This essay has been re-published with the permission of the author.
The fine line between sanity and madness blurs as a jittery librarian in downtown Miami with body sores, unkempt hair, and tattered clothes gives fiery sidewalk lectures.
Onlookers who recognize the senior librarian shake their heads as they toss a dollar or a get-well note into a tip jar with the hashtag #litwithfire scrawled on it. As the 57-year-old hippie throwback from San Francisco rambles on about spiritual warfare, chem trails, and legalizing weed, a struggle between rational and irrational thought plays out on the public stage.
I am Theo Karantsalis, a longtime college library administrator who has suffered from serious mental illness since childhood, or for about 50 years. This includes multiple suicide attempts, drug addiction, and bizarre behavior resulting in police standoffs, countless trips to jail, dozens of lawsuits, restraining orders, and lots of psychiatric intervention.
A crumpled doctor’s note in my pocket is a reminder to take medicine which includes immune system injections, large doses of anti-psychotics, anti-depressants, and mood stabilizers. It reads: “chronic mental illness, poor coping skills, evidence of paranoid and persecutory delusions, most recent episode manic, severe, with psychotic features.”
Over the years, a team of doctors have helped keep me afloat with schizoaffective disorder bipolar I type, or a combination of schizophrenia and bipolar disorder.
Regardless of how consistent one is with treatment, there are risks of unexpectedly going off the rails, as I did earlier this year.

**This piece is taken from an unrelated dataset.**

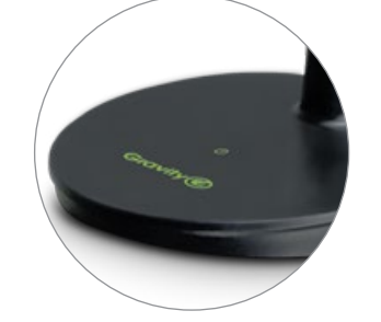
Touch power/dim switch. Touch the surface to power on/off. Press and hold to dim.

This left coworkers in our tight-knit College community scratching their heads and whispering.
When I requested emergency leave last April, the official reason was something valid and visible: psoriatic arthritis, which has left me covered head to toe with skin lesions that make it hard to sit, stand, or walk. If need be, I was ready to stack the request with multiple sclerosis, a condition that for twenty years has given me a neurological golf umbrella to hide any mental misfires.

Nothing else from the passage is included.